B. Due diligence proces
De CSRD bevat daarnaast een verplichting om het proces dat wordt gehanteerd voor het identificeren, voorkomen, beperken en herstellen van de belangrijkste negatieve gevolgen en risico's daarvan voor duurzaamheidsfactoren met betrekking tot zijn gehele waardeketen uiteen te zetten. Daarnaast moet de onderneming uitleggen wat de belangrijkste negatieve gevolgen en risico’s voor duurzaamheidsfactoren zijn die zijn gelinkt aan de eigen activiteiten, producten en services en de zakenrelaties van de onderneming, waaronder de toeleveringsketen.
C. Soort informatie
In de CSRD is expliciet opgenomen dat het duurzaamheidsverslag toekomstgerichte informatie, retrospectieve informatie, kwalitatieve en kwantitatieve informatie over de korte-, medium- en lange termijn moet omvatten. De informatie moet de hele waardeketen van de onderneming beslaan, zowel binnen de Europese Unie als daarbuiten.
De door de EC uit te vaardigen standaarden verduidelijken welke informatie specifiek moet worden opgenomen in de duurzaamheidsverslaggeving. De standaarden moeten zorgen voor begrijpelijke, relevante, verifieerbare en vergelijkbare informatie en een waarheidsgetrouwe weergave van informatie waarborgen. Het gaat hierbij om informatie over milieufactoren (die aansluiten bij de zes milieudoelstellingen uit de EU Taxonomieverordening), sociale factoren en governance-factoren. Een eerste set van standaarden moeten uiterlijk op 31 oktober 2022 worden goedgekeurd door de EC. Een tweede set uiterlijk op 31 oktober 2023.

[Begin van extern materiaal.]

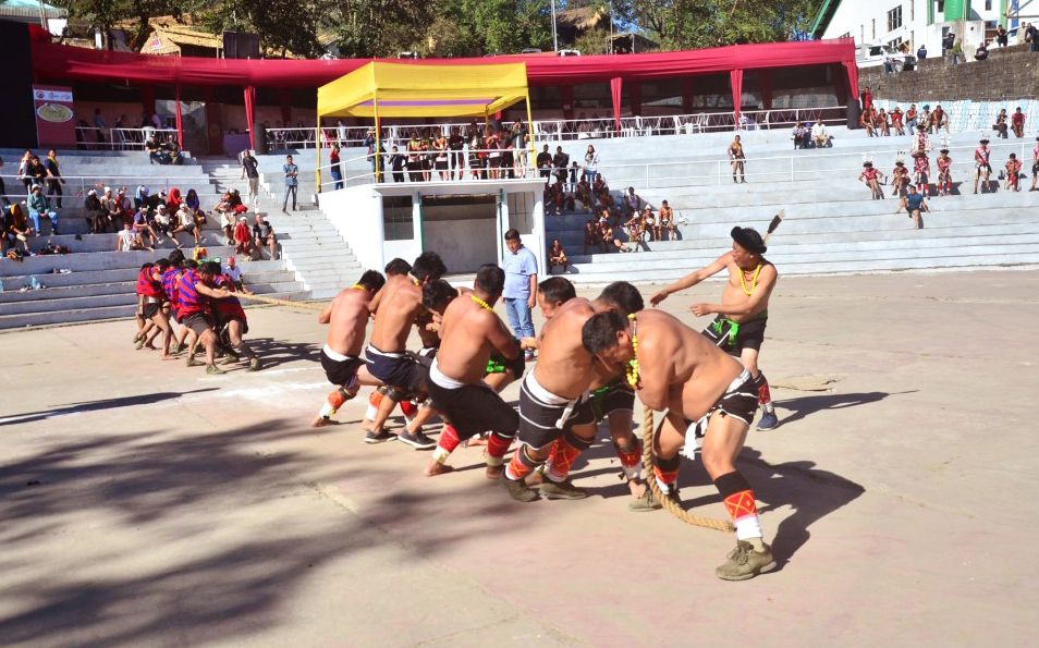Two teams competing in the tug of war game at the Amphitheatre Arena, Kisama on December 5. The Angami team emerged as the champion of Hornbill tug of war by defeating the Chakhesang team. The champions bagged

11. Hoe ziet een passend plan van aanpak en een passende tijdshorizon uit qua inrichting van het systeem ten behoeve van de vereiste duurzaamheidsrapportage?
Ofschoon thans nog niet exact bekend is over welke indicatoren er gerapporteerd moet worden, lijkt het belangrijk om een werkgroep te benoemen die zich bezighoudt met dit project. Aandacht vragende punten zijn: 1) welke indicatoren dienen gerapporteerd te worden, 2) welke informatie is hiervoor benodigd, 3) wie kan deze informatie aanleveren, 4) hoe betrouwbaar is deze informatie, 5) hoe zal de rapportage omtrent deze informatie uit? Ofschoon het waarschijnlijk niet verplicht is, lijkt het goed om ‘proef te draaien’ voor het verslagjaar 2022.